Your CD-Rs deserve a second listen. So we’ll listen twice (and twice only) and then type. 20 words per demo.

EPs

The Strangerhood – ‘The Strangerhood’

Fast vocals. Even faster basslines. Pleasant for a while. Soon becomes rather repetitive; like a monkey with a miniature cymbal.

Ajanta – Moonshine EP

Moonshine:

Hard to take too seriously, like a Spinal Tap b-side. Fun, but aptly leaves you with a sore head afterwards.

Carry Him Down:

Some interesting fret-board wizardry, does feel a little bit like ‘Greensleeves’ gone wrong at times. Ritual chanting is always creepy.

Indigo Sunshine – ‘Indigo Sunshine’

Bright and breezy summer fun. Nice acoustic beats with light vox and gentle percussion. Handclaps are too sickly sweet though.

Ben Matravers – Step One

Say:

Not as terrifying as the EP cover will have you believe. Cheerful enough, but sadly short on confidence and presence.

Step One:

Described a “Dark and aggressive” in the notes, I’d go for bleak and mild discomfort. Great sample use halfway through.

Fossil Collective – Honey Slides EP

The sum of Fleet Foxes plus Band of Horses times by Midlake. Minus the big budgets. Just as soothing though.

Ten – Lowlands EP

Technically brilliant, mellow and atmospheric. Think Sigur Ros on a comedown, minus nonsensical gibberish. Bit of a downer at times.

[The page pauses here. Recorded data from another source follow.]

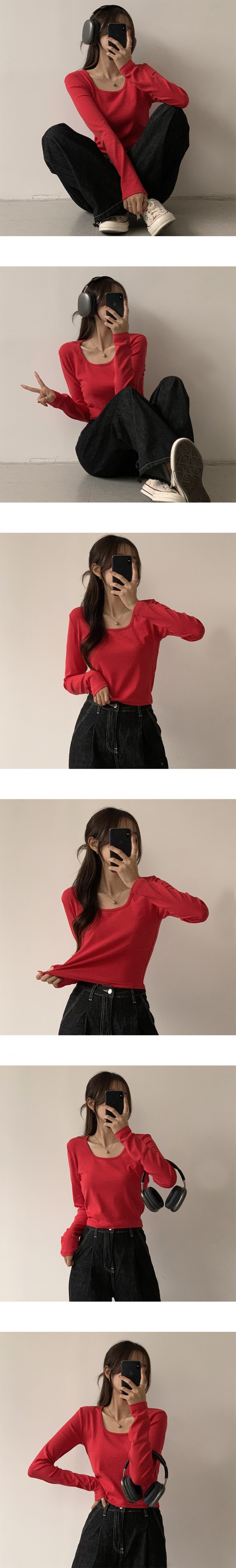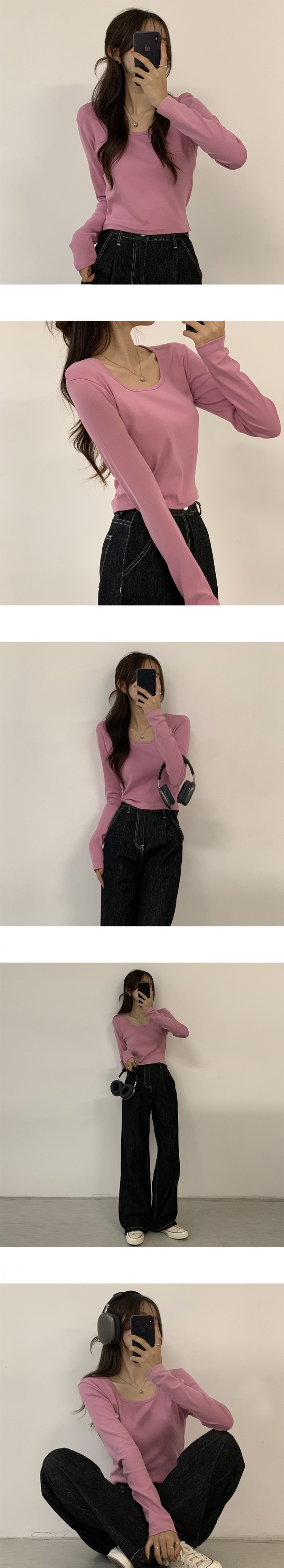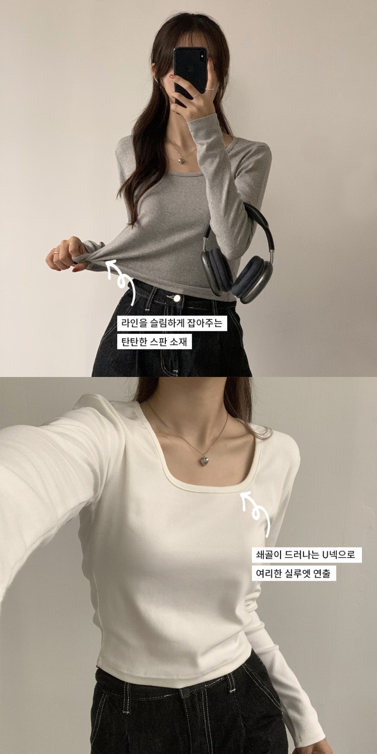STS42129 가을 유넥 간절기 긴팔 티셔츠 세미 크롭 슬림핏 니트 긴팔티
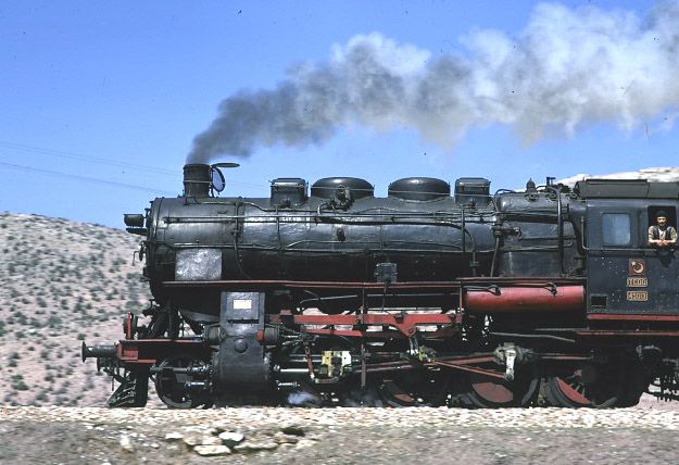45013 north of Amasya 31 March 1974. Detail shot of the G8/2 as it passes north of Amasya |
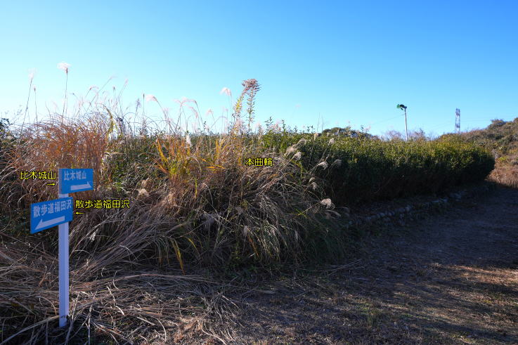 雑草が生える未舗装路を下って開けた場所に出たら、再度「比木城山」の案内看板が示す舗
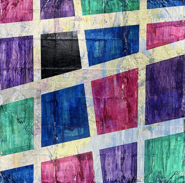 This abstract art piece, created by South Florida based Multimedia Artist Gary Gore, is part of the BABEL series, particularly inspired by his intrinsic connection to New York City. Using a 1960’s AAA roadmap as a starting point, he traces his roots along the northeastern part of his life.
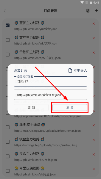 4、点击+号后会弹出添加订阅的窗口,接着直接点击添加按钮,之后就可以选择线路,返回首页观看电视了。
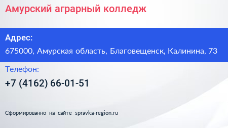 Амурский аграрный колледж по адресу 675000, Амурская область, Благовещенск, Калинина, 73 в дальнейшем Организация, размещена в следующих категориях:
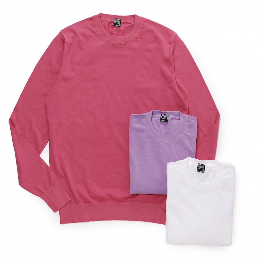 ・同じスーピマコットンを使用したミドルゲージシリーズもご用意。こちらのハイゲージは一枚でも着られますがジャケットやブルゾンのインナーにピッタリです。

Dirty Urges – ‘The Bill Hicks EP’

Striking funk / metal combo. Overkill on the effects pedal. No lyrical substance. Should not use Hicks’ name in vein.

Albums

Neil McLarty – ‘ Roseville Grand’

At The Lake:

Carefully crafted Americana meets West Yorkshire. Glorious use of antique organs and lazy guitar melodies help to radiate unmistakable warmth.

Who’s Gonna Meet You Tonight:

Organ deployed to full effect. Shades of The Hold Steady’s slower tracks. One of the album’s heaviest moments by far.

Friday Night Heartbreak:

Heading dangerously into full-blown square dancing territory, but forgivable given an otherwise consistent and impressive effort. Now shake those hips.

The Dawnriders – ‘The Dawnriders’

Dawnriders:

Songs bearing the same name as the band are never good. They always come across cheesy. This is no exception.

Goldrush:

Either a brilliant a parody, or the worst take on Americana since Bon Jovi soundtracked Young Guns II. Lacking authenticity.

The Virgin & The Creep:

Much, much better. Acoustic led, with a strong narrative. Unfortunately buried at the end of the album. Worth a spin.

Daisy B – ‘This Town’

Salvation:

Upbeat melody, soulful vocals, great production and steady rhythm. Hard to dislike, but desperately lacking in the thrills department.

This Town:

Full of life from the get go. Radio-ready and could easily be mistaken for any current female singer songwriter fodder.

Dressed In Wires – ‘Demonstration Disc 2010’

Random electro noises, not to be mistaken for The Clangers. Interesting concept, but very boring and indulgent in practice. YAWN.

GHOSTS – ‘Drum Lakes’

28-minute long “collage of songs” that inevitably hits and misses between superbly atmospheric, to half-baked and incomplete. Not. Even. Scary.

Auntie Dope – Live 2010

Mind Over Matter:

The Fratellis go lo-fi. Probably written in less than a minute, but not in a good ‘flash of inspiration’ way.

U.F.O:

“Let’s go for a ride on a U.F.O., I’m all dressed up and ready to go”. Even The Ramones are cringing.